Congress Paper Abstract
Gender paradoxes
Dr Michael Haslam, MA, MD, FRCP, FRCPsych ![]()
The awareness - internally - of gender is a subtle and distinct perception from that of sexuality. Gender is seen as a dichotomy. Society is not geared, in Western Europe, for the in-between.
What constitutes masculinity and femininity? To what extent is this determined by environmental and family influences (identification), and to what extent by predetermined innate genetic influences. Are these features world-wide?
How is gender dysphoria manifested? Are there genuine separate categories in this expression, or are all the current subdivisions and supposed differences spurious? What is the basic problem?
Is the medical model of disease and diagnosis leading to treatment in gender dysphoria meaningful or useful? Why has society such a problem in coming to terms with the in-between? Why are such citizens rights so often so difficult to establish?

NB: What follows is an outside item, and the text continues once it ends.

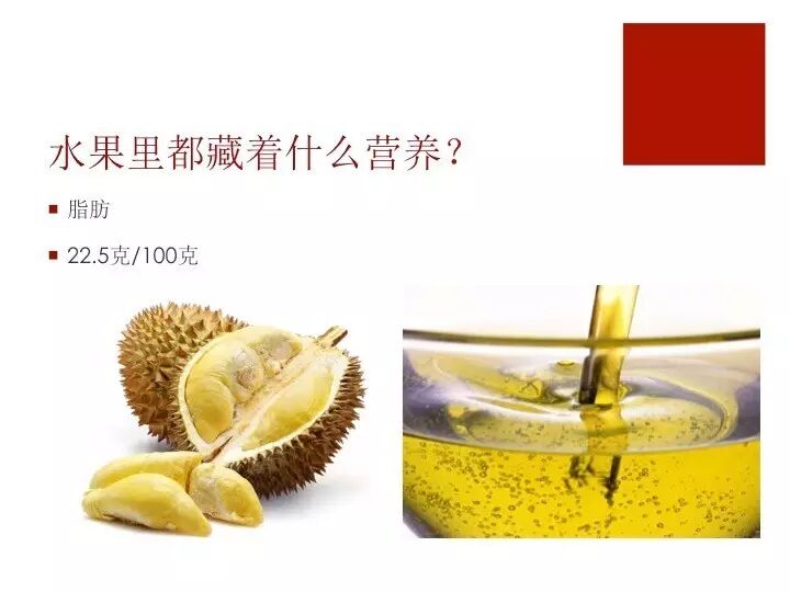 除了糖,水果里还含有很多的:脂肪!不要惊讶,虽然我们并不会吃得满嘴油光,但其实很多水果热量并不低。举个例子,你有没有注意过,吃榴莲很容易有饱腹感。那是因为,每100g榴莲里大概有22.5g的脂肪,已经接近油用玉米的脂肪含量。

Identify the problems that the in-between faces. There is pressure from both client and society to move from the in-between state to one or other side of the dichotomy - usually to that side incongruent with the anatomy.
What evidence is there that an incongruently processed brain is present in the bodies of such people, and why is this such a source of dissatisfaction. The brain presumably has to dominate over the body.
If we make that assumption, then what is best to be done to help and who should do it?
- Prevention - Issues.
- Alter the brain - currently impossible.
- Alter the body - How? Discuss.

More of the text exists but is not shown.